CICERO is Meta's latest AI system that can negotiate with humans in natural language, convince them of strategies and cooperate with them. The strategy board game "Diplomacy" serves as a benchmark.
According to Meta, CICERO is the first language AI that can play the board game "Diplomacy" at a human level. In Diplomacy, players negotiate the European balance of power before World War I.
Representing Austria-Hungary, England, France, Germany, Italy, Russia, and Turkey, players form strategic alliances and break them when it is to their advantage. All moves are planned and then executed simultaneously. Skillful negotiation is therefore the core of the game.
CICERO is optimized for diplomacy, and the game also serves as a benchmark for the model's language skills: in 40 online games over 72 hours on "webDiplomacy.net," CICERO scored more than twice the average score of human players and was in the top ten percent, according to Meta.
The CICERO agent is designed to negotiate and establish alliances with humans, according to Meta.

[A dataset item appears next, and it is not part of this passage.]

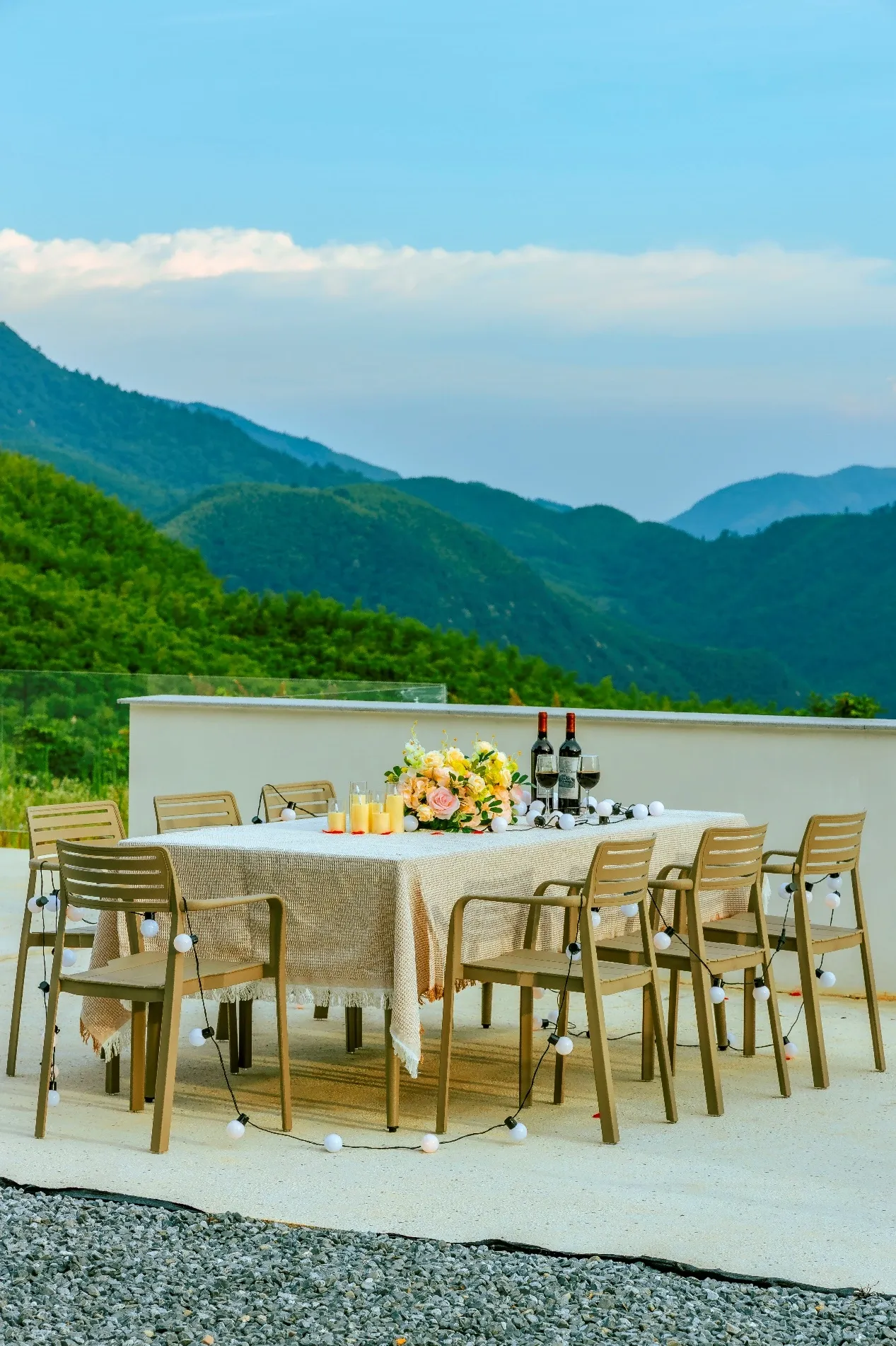 这家民宿提供多样化的用餐区域,包括卡座、包厢和观景长桌。其中,室外观景长桌尤为推荐,让guests可以一边享用美食,一边欣赏夕阳、日落和星空的美景。

The AI should be able to infer players' beliefs and intentions from conversations - a task that Meta's research team says has been seen as "a near-impossible grand challenge" in AI development for decades.
According to Meta, CICERO is so successful at playing Diplomacy that human players prefer to ally with the AI. In online games, CICERO encountered 82 different human players who did not know that CICECO is an AI system. Only one player expressed a bot suspicion in chat after a game, but it was without consequence.

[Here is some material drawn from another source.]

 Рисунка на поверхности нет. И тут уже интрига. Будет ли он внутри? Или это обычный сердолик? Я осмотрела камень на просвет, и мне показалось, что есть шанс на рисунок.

In the paper, the researchers describe a case in which CICERO was able to dissuade a human player from making a planned move and convince him to make a new move that was mutually beneficial.
First plan, then speak
At its core, CICERO works with two systems: One plans the moves for itself and its partners, the second translates these moves into natural language and explains them to the players to convince them of its planning.
CICERO's language model is based on a pre-trained transformer language model (BART) with 2.7 billion parameters that was fine-tuned with more than 40,000 diplomacy games. The anonymized game data included well over twelve million messages exchanged between human players, which CICERO processed during training.
According to Meta, the supervised training approach with human game data, which is classic for game AIs and involves cloning the behavior of human players, would result in a gullible agent in Diplomacy that could be easily manipulated, for example by a phrase such as, "I'm glad we agreed that you will move your unit out of Paris!" Moreover, a purely supervised trained model could learn spurious correlations between dialogues and actions.
With the iterative planning algorithm "piKL" (policy-regularized), the model optimizes its initial strategy based on the strategy predictions for the other players, while trying to stay close to its initial prediction. "We found that piKL better models human play and leads to better policies for the agent compared to supervised learning alone," Meta AI writes.
Cicero uses a strategic reasoning module to intelligently select intents and actions. This module runs a planning algorithm that predicts the policies of all other players based on the game state and dialogue so far, accounting for both the strength of different actions and their likelihood in human games, and chooses an optimal action for Cicero based on those predictions.
Planning relies on a value and policy function trained via self-play RL which penalized the agent for deviating too far from human behavior in order to maintain a human-compatible policy. During each negotiation period, intents are re-computed every time Cicero sends or receives a message. At the end of each turn, Cicero plays its most recently computed intent.
From the paper
One possible use case for CICERO-style systems, according to Meta, is advanced digital assistants that hold longer, streamlined discussions with people and teach them new knowledge or skills during those conversations. CICERO itself can only play diplomacy.
The system also makes mistakes, such as occasionally sending messages with illogical justifications, contradicting its plans, or being "otherwise strategically inadequate." The researchers tried to hide these errors as best they could with a series of filters. They attribute the fact that CICERO was not exposed as a bot despite its errors to the time pressure in the game and to the fact that humans also occasionally make similar mistakes.
In the deliberate use of conversational AI, there remain "many open problems" in human-agent collaboration, for which diplomacy is a good testing ground, the researchers write.